Andy Goeler, Bud Light’s vice president of marketing, announced the job opening on Instagram Tuesday, remarking, “We spent years working on a five-times filtered seltzer with 100 calories and four delicious flavors, but we somehow forgot to include the most important ingredient in any hard seltzer--memes.”

The Bud Light brand team led the Chief Meme Officer initiative, working with agency partners Wieden + Kennedy and Weber Shandwick/3PM.

Bud Light Seltzer only debuted in January, and the company says it has already grabbed a 11% share of the market. A spokeswoman says it is the most instantly successful brand introduction in the history of Anheuser-Busch.

But it’s still far behind the dominant brand, White Claw, which took off in the last two years.

That brand’s success was boosted by potent user-generated memes, especially one in which comedian Trevor Wallace exclaims, “Ain’t no laws when you’re drinking Claws.”
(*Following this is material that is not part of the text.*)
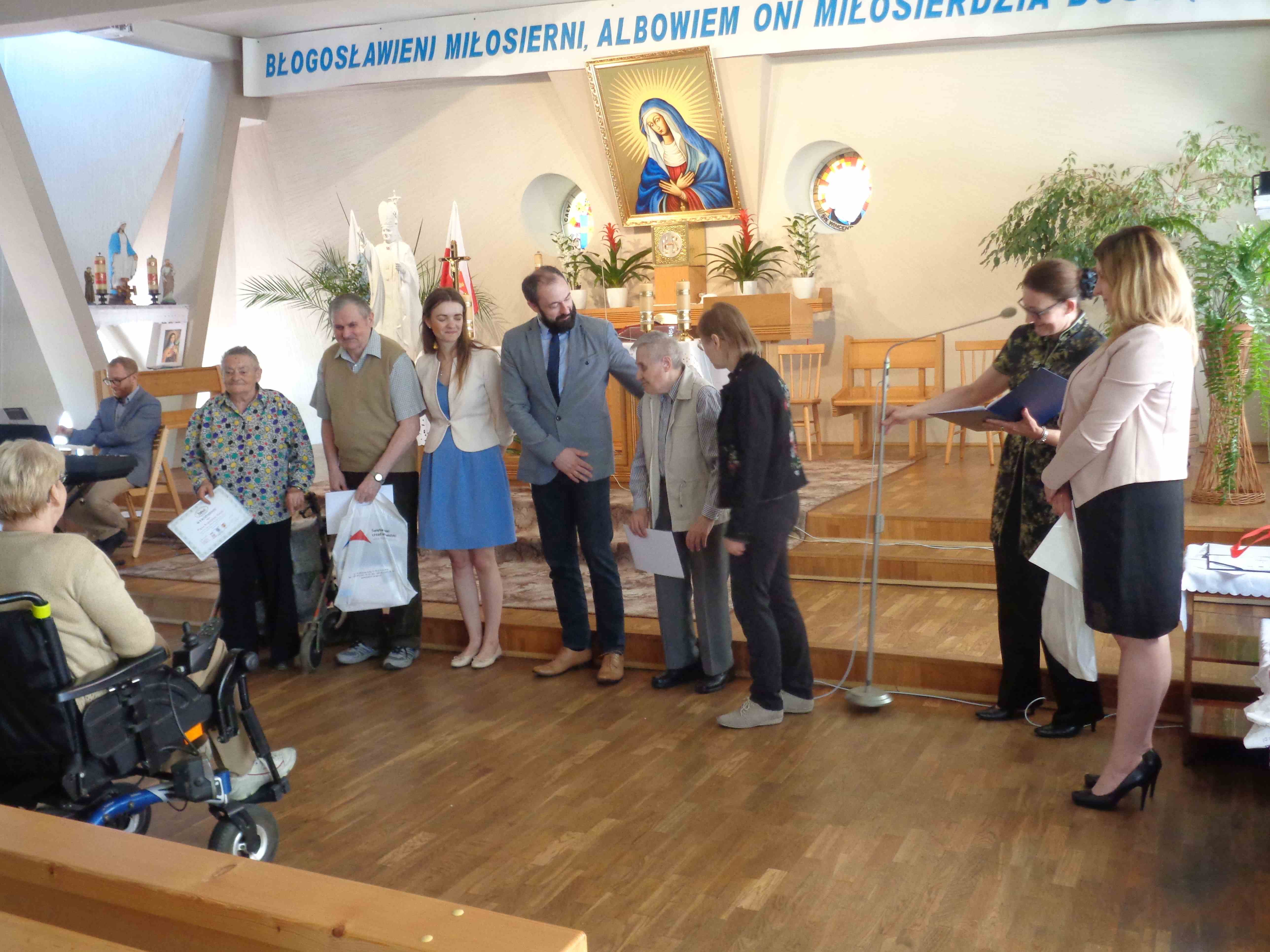 Odebraliśmy nagrody za udział w konkursie plastycznym pn. „Rodzina wiosną” zorganizowanym w DPS im. Jana Pawła II. Mieszkanka naszego Domu zajęła I miejsce w kategorii collage, druga z pań otrzymała wyróżnienie w tej samej kategorii. Prace na konkurs nadsyłają mieszkańcy DPS-ów z całego województwa, w tym roku jury przyznawało nagrody w dziedzinach: malarstwo, tkanina, collage oraz inne – prace z drewna. Podobnie jak w poprzednich edycjach konkursu wernisaż prac poprzedzały uroczystości: msza św. i koncert uczniów szkoły muzycznej.

That YouTube video collected nearly 5 million views and became the tagline for a zoo of White Claw memes and merchandise -- and then became pretty much what somebody in a group says when everybody’s drinking cans of it.
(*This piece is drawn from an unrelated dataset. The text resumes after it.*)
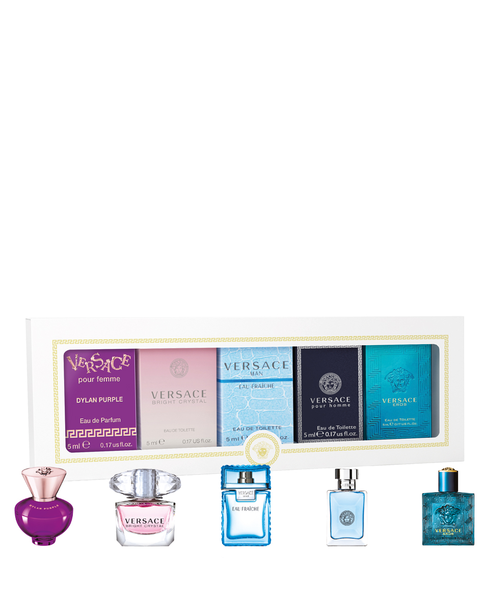 В набор входит: парфюмерная вода Dylan Purple 5 мл + туалетная вода Bright Crystal 5 мл + туалетная вода Eau Fraiche 5 мл + туалетная вода Pour Homme 5 мл + туалетная вода Eros 5 мл.
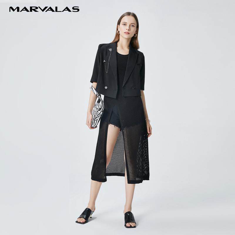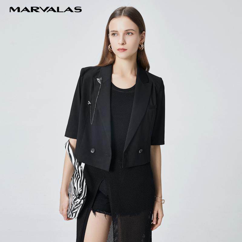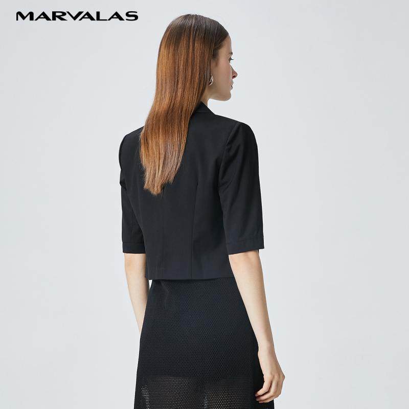 曼德诗黑色小西装外套女款短款2025夏装新款修身短袖气质休闲西服

White Claw does very little paid advertising. But it’s become such a magnet for memes from fans that a New York Times story about the phenomenon last September was headlined, “The Memes Are Pouring the White Claw Down Your Throat!”
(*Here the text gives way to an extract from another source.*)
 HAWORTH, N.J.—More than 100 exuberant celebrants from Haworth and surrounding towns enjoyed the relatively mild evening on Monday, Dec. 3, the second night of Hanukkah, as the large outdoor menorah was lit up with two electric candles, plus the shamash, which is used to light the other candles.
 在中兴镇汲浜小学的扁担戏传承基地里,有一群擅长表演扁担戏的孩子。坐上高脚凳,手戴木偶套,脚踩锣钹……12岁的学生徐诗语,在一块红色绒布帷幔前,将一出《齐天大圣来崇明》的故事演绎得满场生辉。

Back to the Bud Light call for CMO: Applicants can send as many memes as they want to be considered, or even a portfolio of their work. Everybody who applies also  is entered into a pool to win a three-month’s supply of Bud Light Seltzer.

Bud Light posted that it is proud of its product but, “we know a seltzer is only as good as its memes and, unfortunately, ours are trash. We need someone who can change that for us; someone who can pull out of the pits of cringe, someone who knows how to use the lasso thingy in Photoshop, someone like you. Please help us. Please.”